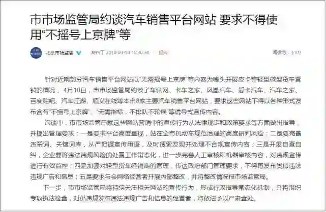 针对近期部分汽车销售平台网站以“无需摇号上京牌”等内容为噱头开展皮卡等轻型微型货车营销的情况,4月10日,北京市市场监管局约谈了车讯网、卡车之家、凤凰汽车、爱卡汽车、汽车之家、百度贴吧、汽车江湖、顺义在线等本市8家主要汽车销售平台网站,要求这些网站不得以各种形式发布含有“不摇号上京牌”、“无需指标,不排队不轮候”等诱导式宣传内容。
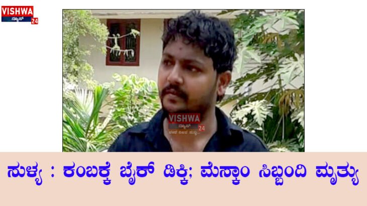 ಸುಳ್ಯ : ಕಂಬಕ್ಕೆ ಬೈಕ್ ಡಿಕ್ಕಿ; ಮೆಸ್ಕಾಂ ಸಿಬ್ಬಂದಿ ಮೃತ್ಯು – vishwanews24
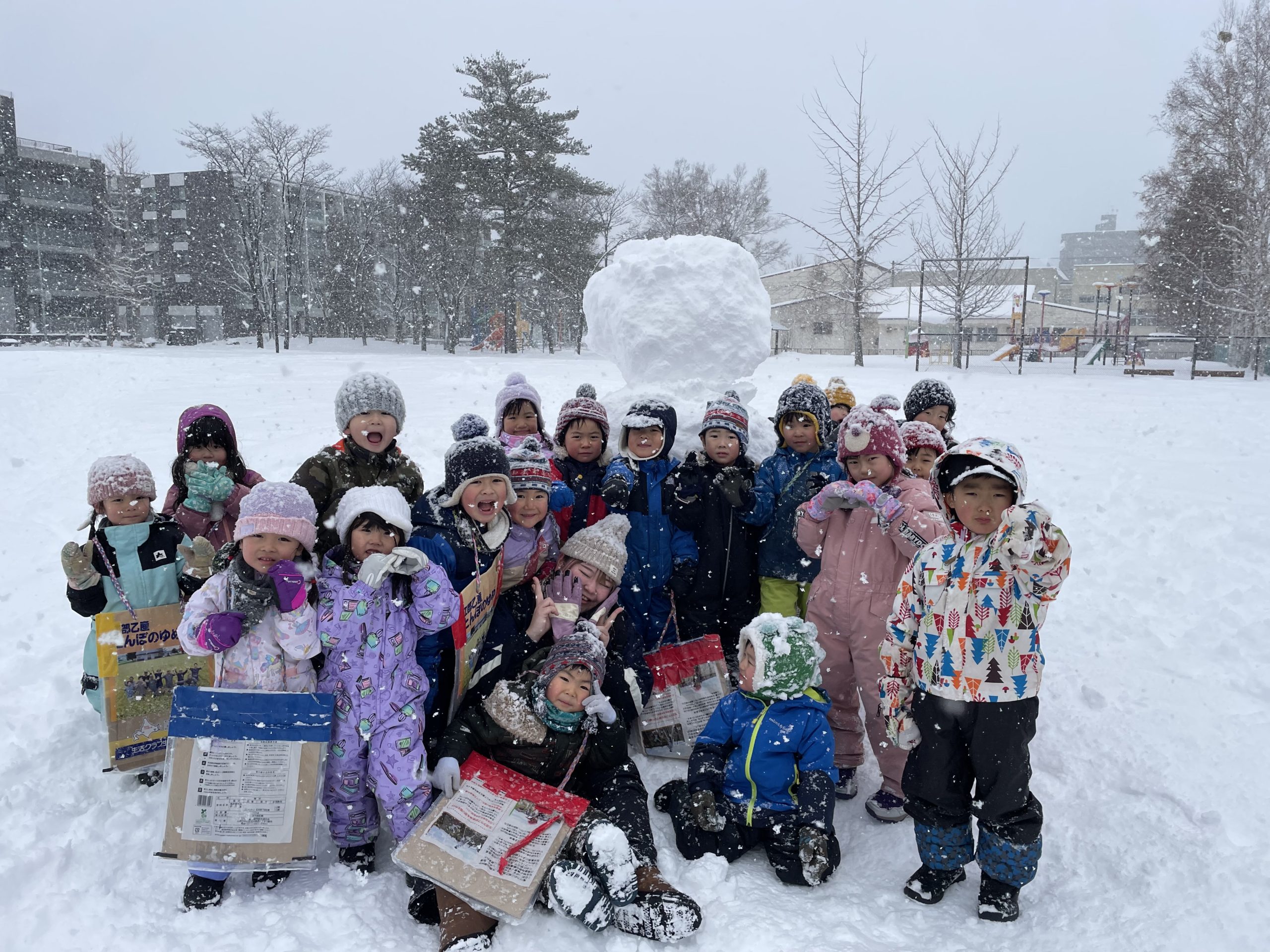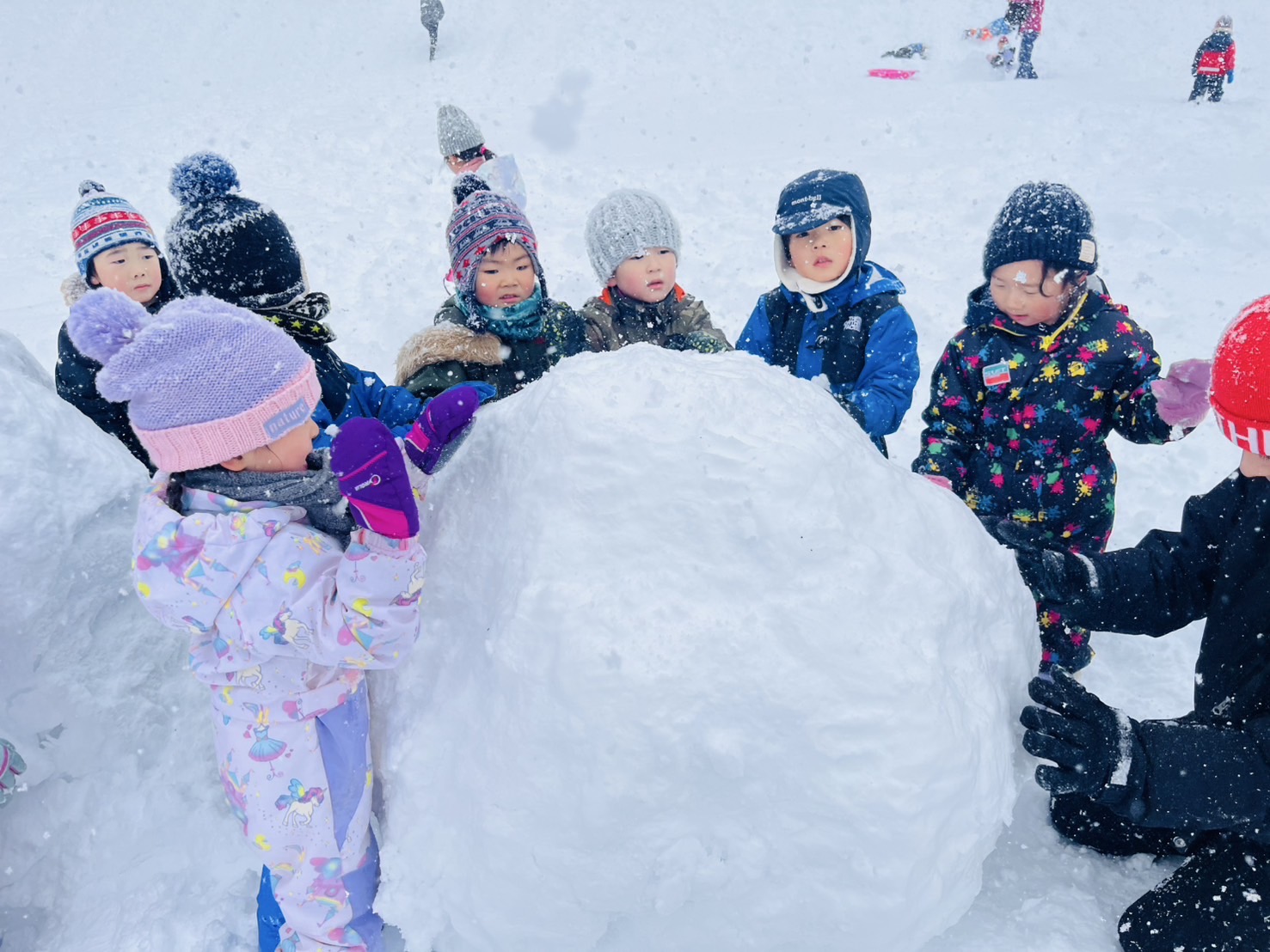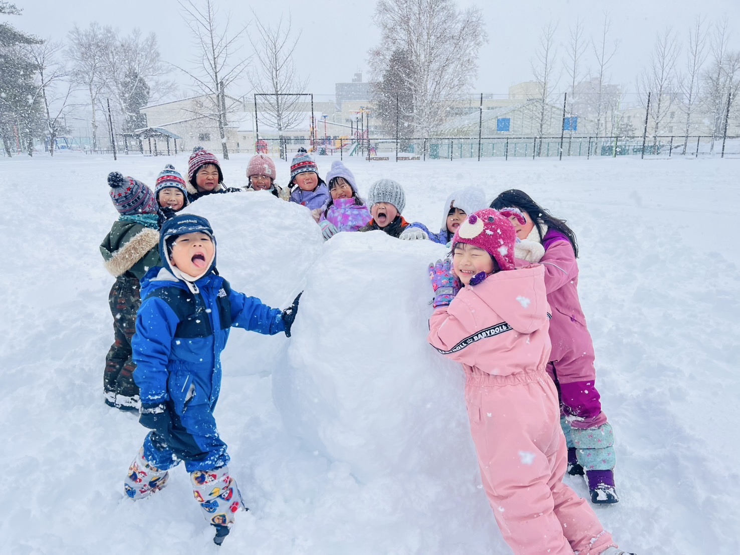 大きな雪玉2つをみんなで力を合わせて重ねると~、、、
◆ ◆ ◆ ◆ ◆ ◆ ◆
■ **Activity**
The expected result is the complete listing above, printed exactly, with no pictures.

■ **Exercise output**
 针对近期部分汽车销售平台网站以“无需摇号上京牌”等内容为噱头开展皮卡等轻型微型货车营销的情况,4月10日,北京市市场监管局约谈了车讯网、卡车之家、凤凰汽车、爱卡汽车、汽车之家、百度贴吧、汽车江湖、顺义在线等本市8家主要汽车销售平台网站,要求这些网站不得以各种形式发布含有“不摇号上京牌”、“无需指标,不排队不轮候”等诱导式宣传内容。
 ಸುಳ್ಯ : ಕಂಬಕ್ಕೆ ಬೈಕ್ ಡಿಕ್ಕಿ; ಮೆಸ್ಕಾಂ ಸಿಬ್ಬಂದಿ ಮೃತ್ಯು – vishwanews24
 大きな雪玉2つをみんなで力を合わせて重ねると~、、、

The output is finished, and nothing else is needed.